Figure 6: Legend is in common for both figures. (a) Comparison of different optimization types offered by our X-TrainCaps framework, on the basis of accuracy, training time and number of parameters. The training time is computed as the number of epochs to reach the maximum accuracy, multiplied by time (in seconds) per epoch. The words WAB and WS stand for WarmAdaBatch and WeightSharing, respectively, with WeightSharing including also the small-decoder optimization. (b) Accuracy evolution over the training epochs for different optimization solutions, showing a high accuracy improvement for many policies, with a high reduction in training time and high accuracy for the ones based on warm restarts.

6 Conclusion

In this paper, we proposed X-TrainCaps, a novel framework to automatically optimize the training of a given CapsNet for accuracy, training time or number of parameters, based on the requirements needed.
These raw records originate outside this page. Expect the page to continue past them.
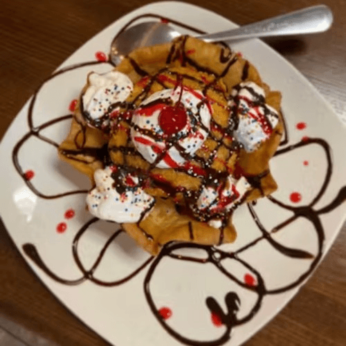 Cinnamon ice cream covered in frosted flakes, slightly deep fried, and topped with chocolate syrup and a bit of whip cream
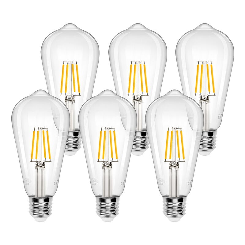 Trasforma la tua casa o il tuo locale con un tocco di classe senza rinunciare all'efficienza energetica grazie a questa esclusiva confezione da 6 lampadine LED a filamento. Le lampadine ST64 da 4W emettono una luce bianco caldo a 2700K che ricorda l'atmosfera accogliente delle lampadine tradizionali, aggiungendo un tocco di eleganza a ogni stanza.Queste lampadine non solo esaltano l'aspetto del tuo ambiente, sia esso domestico o commerciale, ma ti permettono di risparmiare energia ed elettricità, riducendo notevolmente la bolletta energetica. Con un consumo energetico di soli 4W e una lunga durata, queste lampadine ti faranno risparmiare denaro a lungo termine.Sostituire le tue vecchie lampadine con queste led a filamento è un gioco da ragazzi. Basta svitare le vecchie lampadine e avvitare queste per trasformare istantaneamente l'illuminazione della tua casa. Con questa confezione da 6 pezzi, puoi facilmente illuminare tutte le stanze con eleganza.Con le lampadine LED a filamento
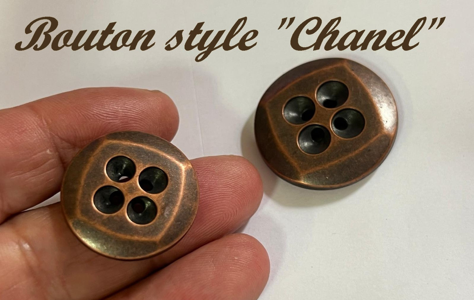 25mm Bronze 'CHANEL' Style Button to Enhance Your Haute Couture Creations. Item sold individually. Perfect for enhancing jackets, blouses, or haute couture creations.
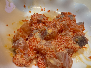 とびっ子とサーモンでサラダした???
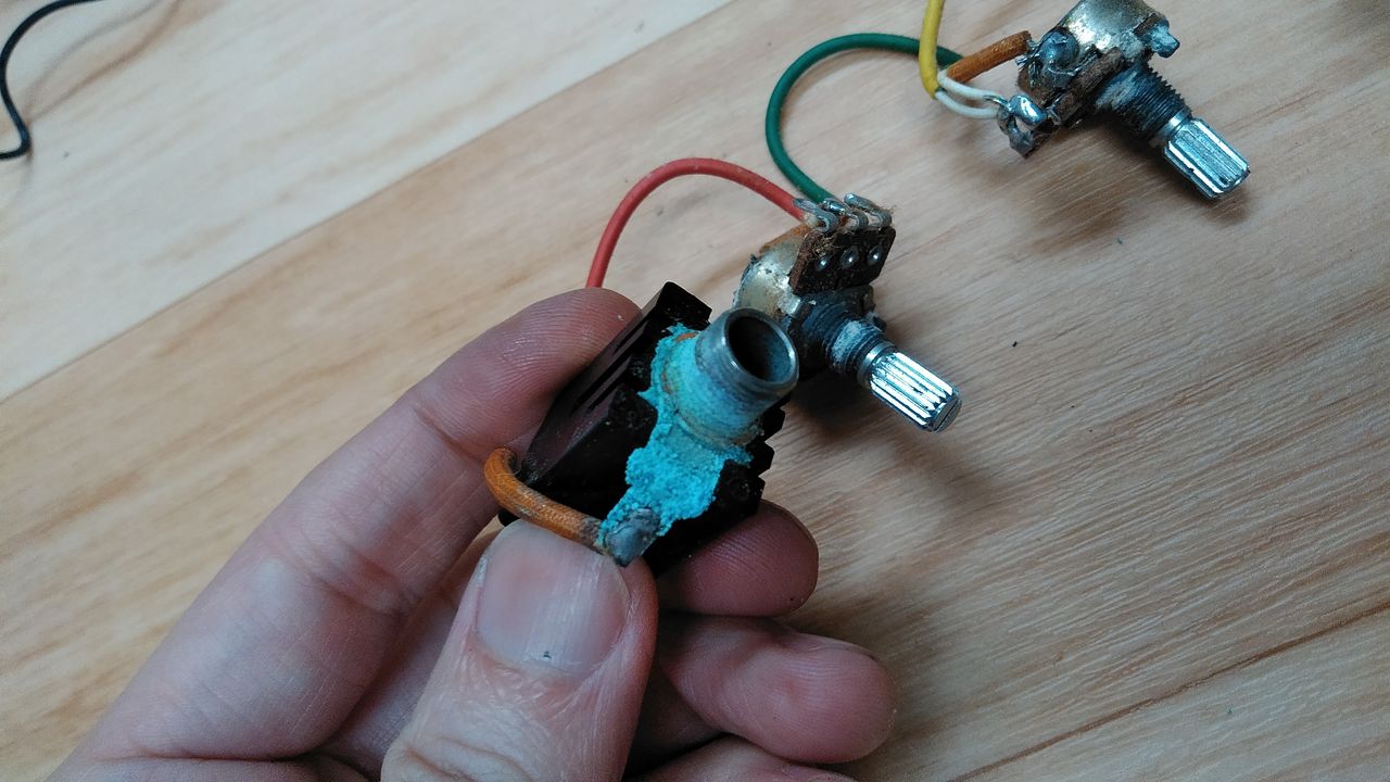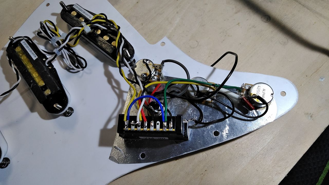 ストラトのパワー不足に困っていて、でもノーマルのPUは活かしたいという方におすすめのモディファイです。(また元に戻す事もあるかも知れないからPUの線は切らずに束ねておく)
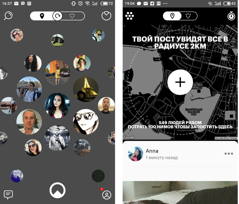 Интерфейс. Nimses внешне напоминает Bаdoo – социальную сеть для знакомств, которая существует с 2006 года и принадлежит российскому бизнесмену Андрею Андрееву. Да и в принципе, идея оплаты за время, проведенное в соцсети, и подвязка на геолокацию – не нова для приложений. Тот же Tinder или дейтинговый сервис Happn дает возможность познайомиться с людьми, которые находятся рядом или виделись с вами на протяжении дня. Популярное в свое время приложение Prisma также недавно презентовало соцсеть, основанную на геолокации. А соцсети Steemit и Golos платят пользователям за публикации.
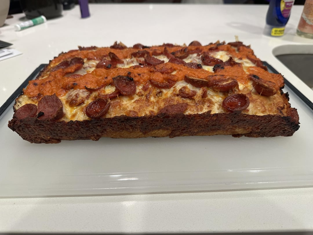 1. I personally enjoy some good lift in my slices as long as its not too dense. Tall fluffy Detroit slices are great! Nice work.
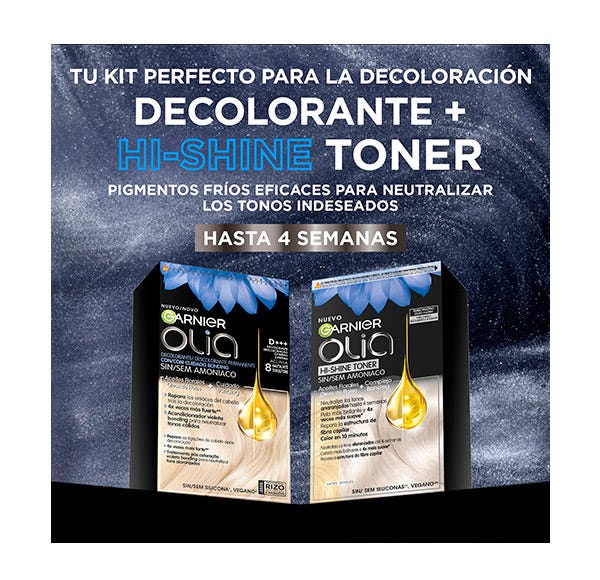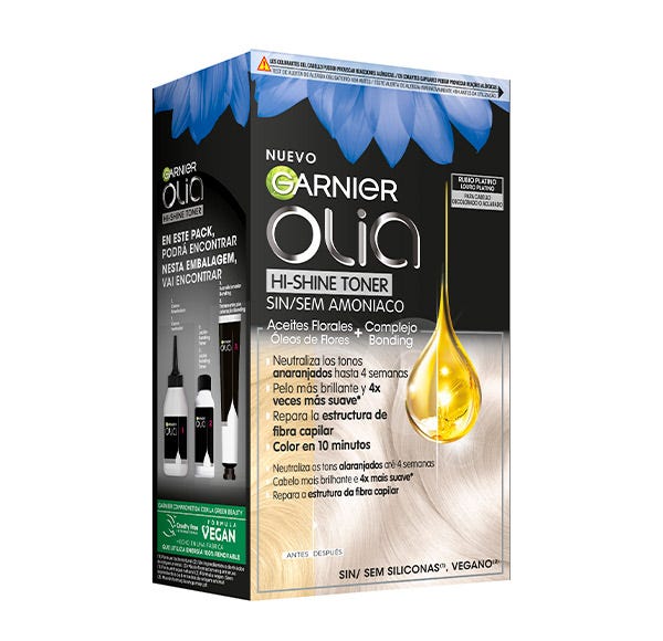 ¡Descubre Olia Hi-Shine Toner, tu aliado perfecto para neutralizar los tonos indeseados en cabellos con mechas o aclarados, en tan solo 10 minutos! Su loción equilibrante neutraliza instantáneamente los tonos anaranjados y amarillentos gracias a sus pigmentos fríos, dejando un rubio radiante con 2x veces más brillo*.

We enhanced the different learning policies, for the first time, for accelerating the training of CapsNets. Afterwards, we discussed how an integrated training framework can be developed to find Pareto-optimal solutions, including different new optimizations for fast training like WarmAdaBatch, complexity reduction for the CapsNet decoder, and weight sharing for CapsNets. These solutions not only provide significant reduction in the training time while preserving or improving the accuracy, but also enable a new mechanism to provide trade-off between training time, network complexity, and achieved accuracy. This enables new design points under different user-provided constraints.